The concept is simple. Before an agent runs, you declare what it’s supposed to do. Not just which tools it can call (that’s per-call policy), but what its overall behavior should look like:

What workflows is it expected to follow?
How much should it cost per session?
Where can data flow from and to?
How deep can delegation chains go?
What does “normal velocity” look like?
Then at runtime, you continuously compare the agent’s actual trajectory against this declared envelope. When the trajectory diverges, you respond with graduated severity: warn, pause for human review, or kill.

This is what agent-envelope does.

How It Works
Defining an Envelope
An envelope is a YAML file that declares bounded behavior:

name: support-agent
purpose: “Answer customer questions using knowledge base and account data”

workflows:
— name: answer_question
steps: [“search_kb”, “read_*”, “format_*”, “send_reply”]
max_steps: 10
— name: escalate
steps: [“search_kb”, “classify_*”, “create_ticket”]
max_steps: 5

bounds:
max_actions_per_session: 50
max_tokens_consumed: 100000
max_duration_seconds: 300
max_cost_usd: 1.00

data_flow:
forbidden_flows:
— from: “customer_account”
to: [“email_external”, “file_export”, “api_external”]

autonomy:
max_chain_depth: 3

drift:
unknown_workflow_threshold: 3
repetition:
max_identical_calls: 3
max_similar_calls: 10

This says: “This agent answers questions or escalates tickets.

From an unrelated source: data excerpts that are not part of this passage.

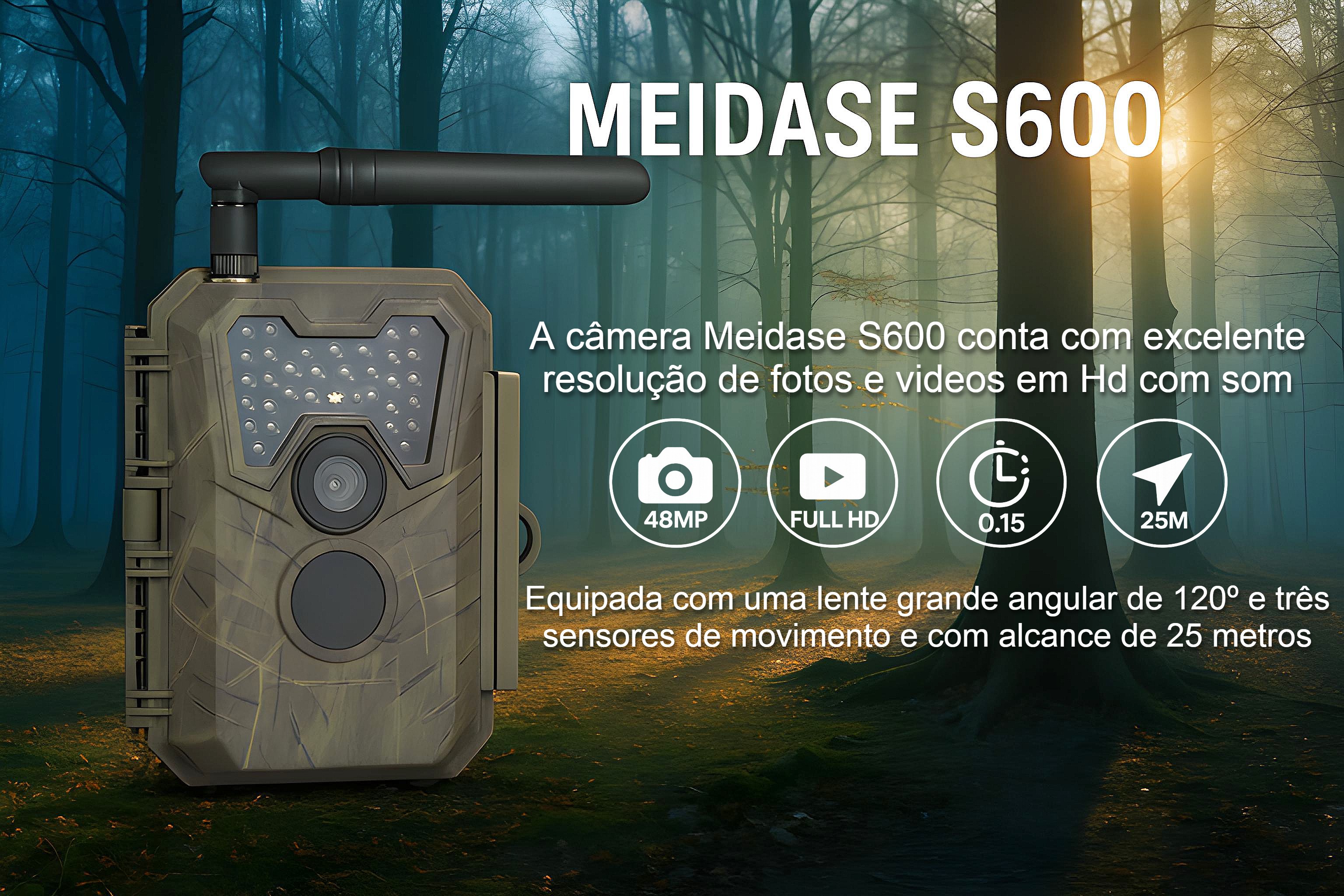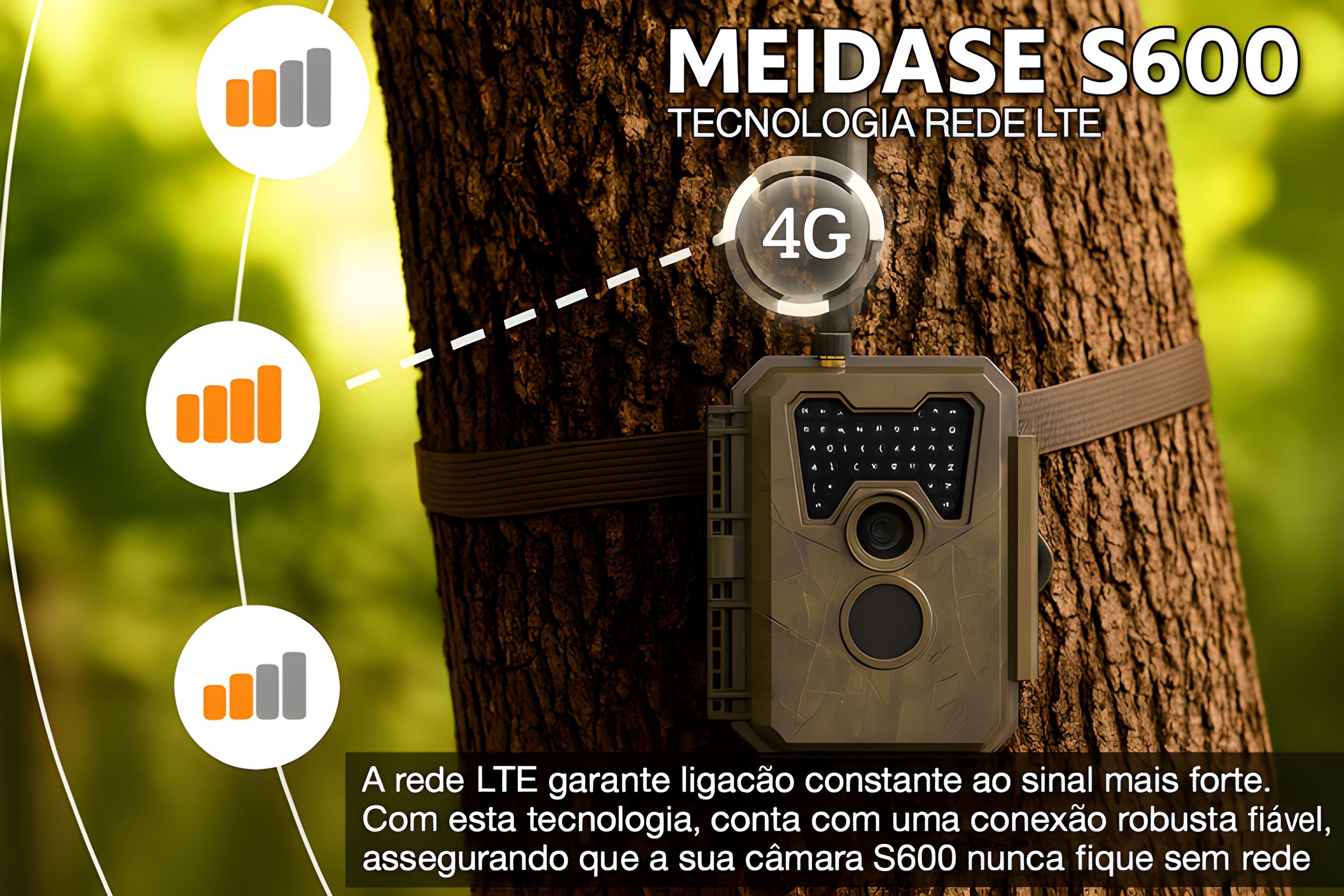 Câmera Meidase S600 LTE com aplicação para o telemóvel e envio de fotos e vídeos
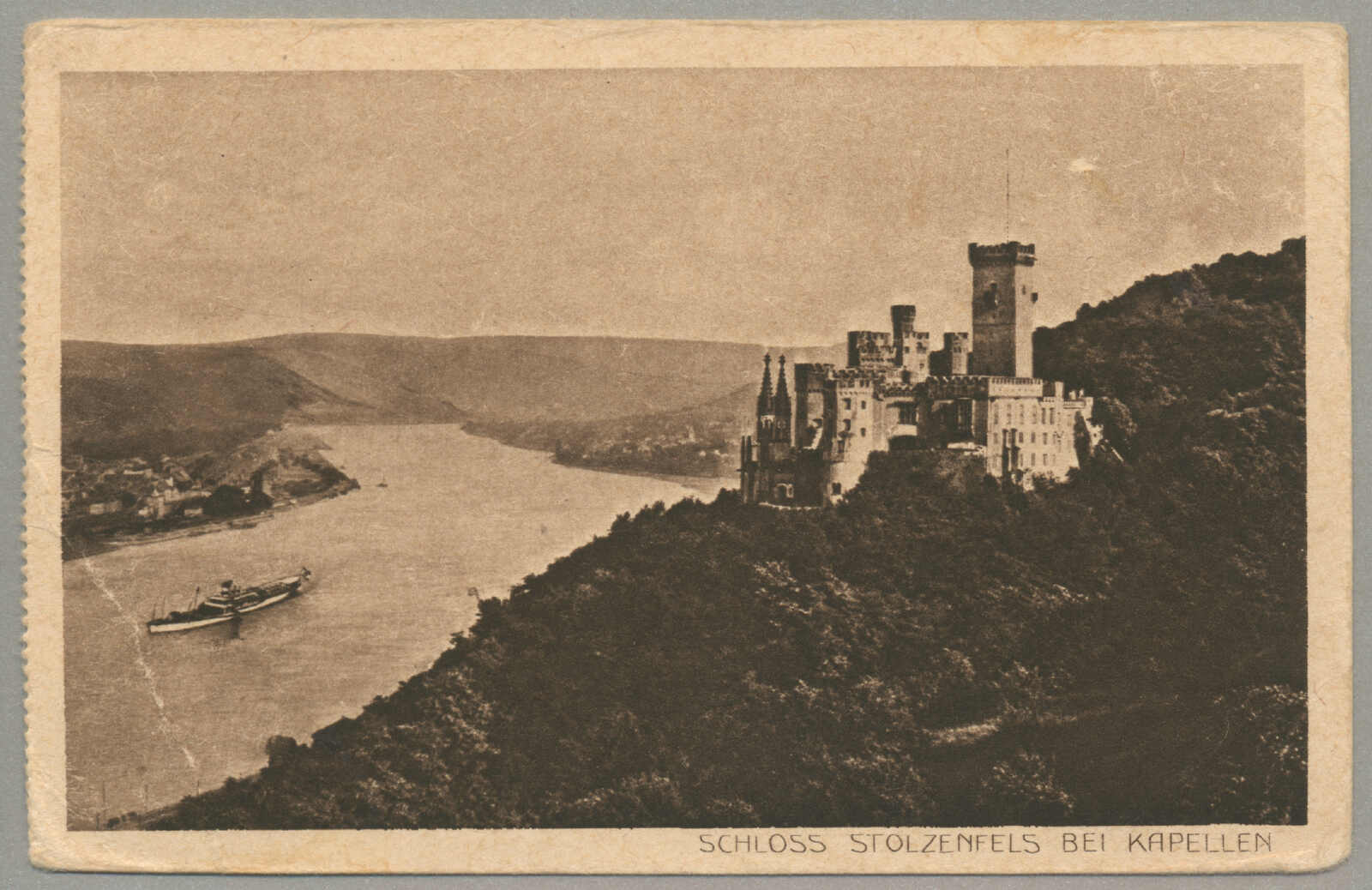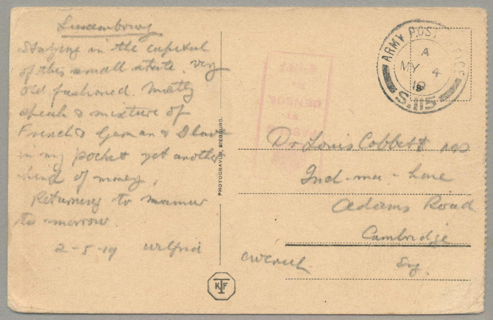 1919, from Luxembourg City to Cambridge, black and white real photo postcard depicting Schloss Stolzenfels overlooking the Rhine near Koblenz, written 2 May 1919 and posted 4 May 1919, transmitted free of charge under military franchise,
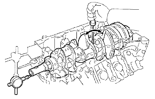 e. Check the crank pin and bearing for pitting and scratches. If the crank pin or bearing is damaged, replace the bearings. If necessary, replace the crankshaft.
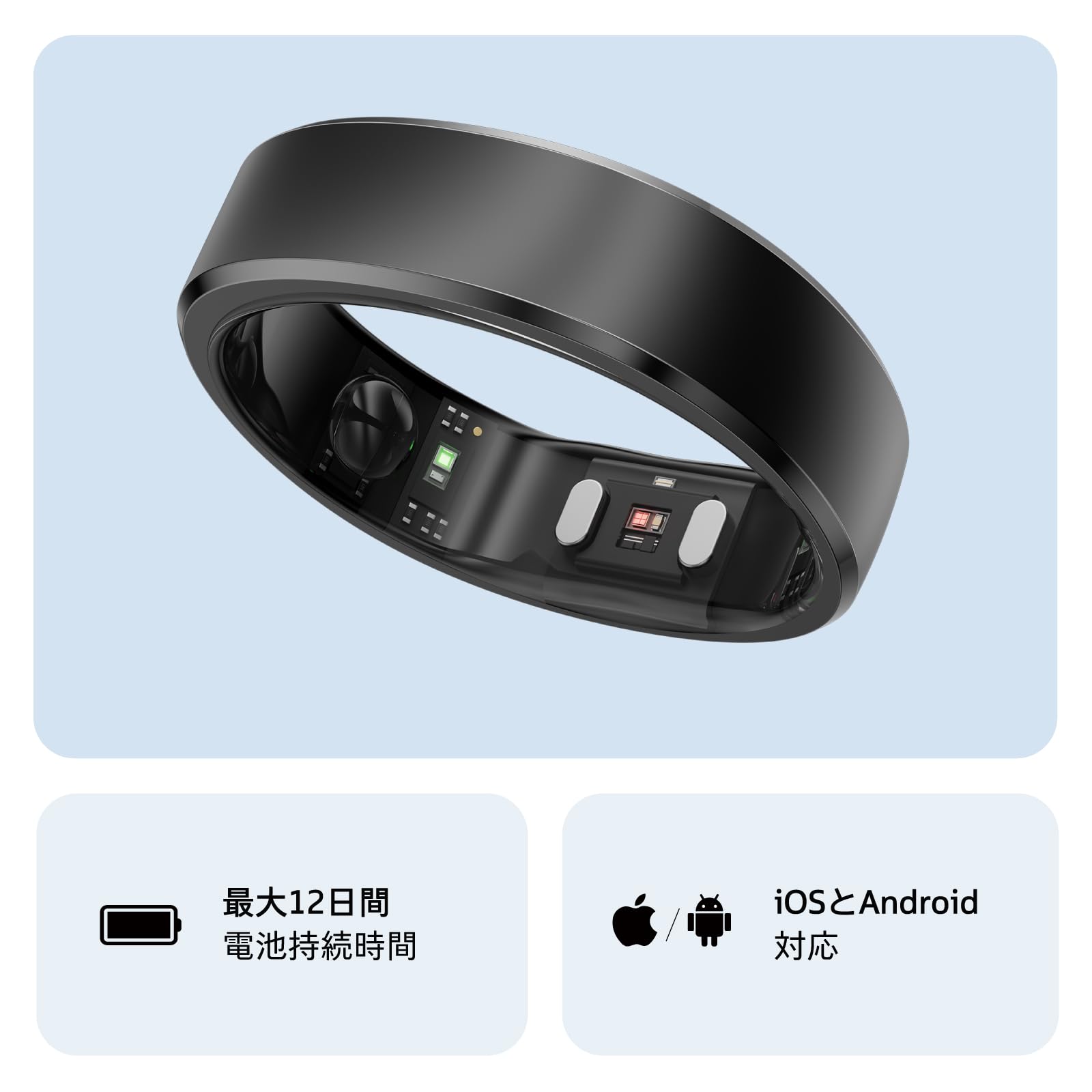 * 【長持ちバッテリー】RingConn Gen 2は最大10-12日間のバッテリー駆動時間を実現。サイズにより異なり、大きいサイズ(12-14)は最大12日間。スマート充電ケースと併用で150日を超えます
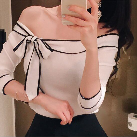 ニット ニットトップス オフショルダー 薄手 薄手ニット マリンテイスト スリム フィット レディース おしゃれ きれいめ おしゃれ 通勤 お出かけ カジュアル ニット ニットトップス オフショルダー
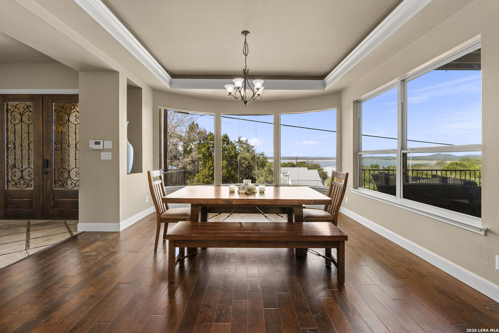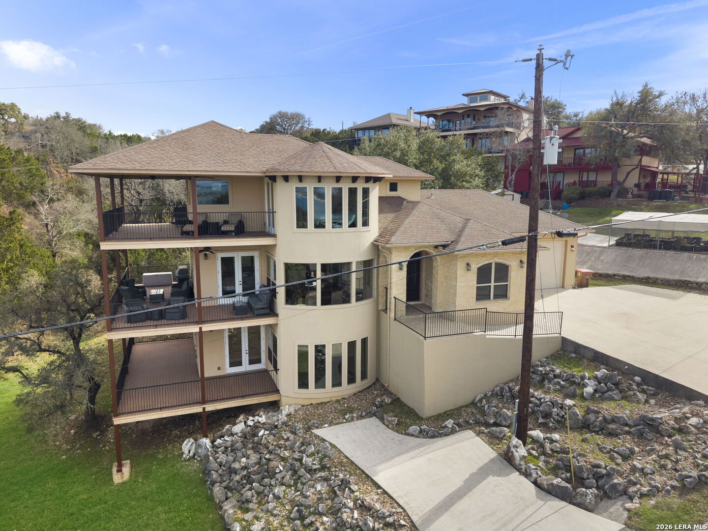 With a million dollar view as its focal point, 502 Cindy Dr is a .62 acre property delivers the lake lifestyle without compromise. Luxury finishes, a flexible multi level layout and turnkey furnishings create a rare offering on Canyon Lake for you to make this your dream lake house retreat or short term rental money maker! Airbnb short term rental is allowed by the HOA. You wait, you miss out! The fully furnished residence features 4 bedrooms and 3 full baths across 3,170 sqft. Highlighted by an open concept main level with living, dining and kitchen together for easy entertaining. Picturesque bay windows in the dining room give you an amazing view of the lake. Granite countertops and a huge frameless window over looking your backyard full of nature and no neighbors. Gas cooking is provided to the kitchen and outdoor grill by the propane tank located in the backyard. You'll also find a guest bedroom, full bath, office nook and laundry room on the main level. The third floor owner's suite is a private haven with a covered wraparound balcony, a wet bar, a spa bath with an expansive walk in shower with two shower heads, a soaking tub and a huge custom closet. The primary bedroom has the same bay windows as the dining room giving you even more beautiful views of the lake right from your bed. The lower level adds two bedrooms connected by a Jack and Jill bath and a secondary living room / game room. One bedroom opens through glass doors to another covered wraparound balcony. 3 covered wraparound balconies in total. All weather resistant, create multiple outdoor living zones focused on a sweeping Canyon Lake panorama view. A 2 car garage is designed to house a boat and an extra large SUV. Installed in the kitchen sink is an Alkaviva vesta h2 water ionizer that makes alkaline or acidic hydrogen water. Advanced water softener included. The HOA provides a pool, tennis court, clubhouse and a boat ramp 6 minutes away.

It should finish in under 50 actions, cost less than a dollar, and never send customer data to external destinations. If it does something that doesn’t match either workflow for 3+ actions, flag it.”

Using It in Code

from agent_envelope import EnvelopeSession

with EnvelopeSession(“envelopes/support-agent.yaml”, audit_log=”audit.jsonl”) as session:
# Before each tool call, check the envelope
result = session.check(“read_account”, {“id”: “cust_123”},
data_read=[“customer_account”])

if result.should_block:
# Don’t execute the tool call
handle_violation(result)
else:
# Proceed normally
execute_tool_call(…)

The Scoring Engine
Every check() call evaluates the current trajectory against multiple dimensions:

Budget enforcement. Actions, tokens, cost, and duration. Prevents runaway agents from consuming unbounded resources. When an agent hits 80% of budget, it warns. At 100%, it kills.

Repetition detection. Catches infinite loops (identical calls) and subtle loops (same tool called excessively with different arguments). The bulk-export attack above would trigger this: three read_account calls with different IDs hits the similar-call threshold.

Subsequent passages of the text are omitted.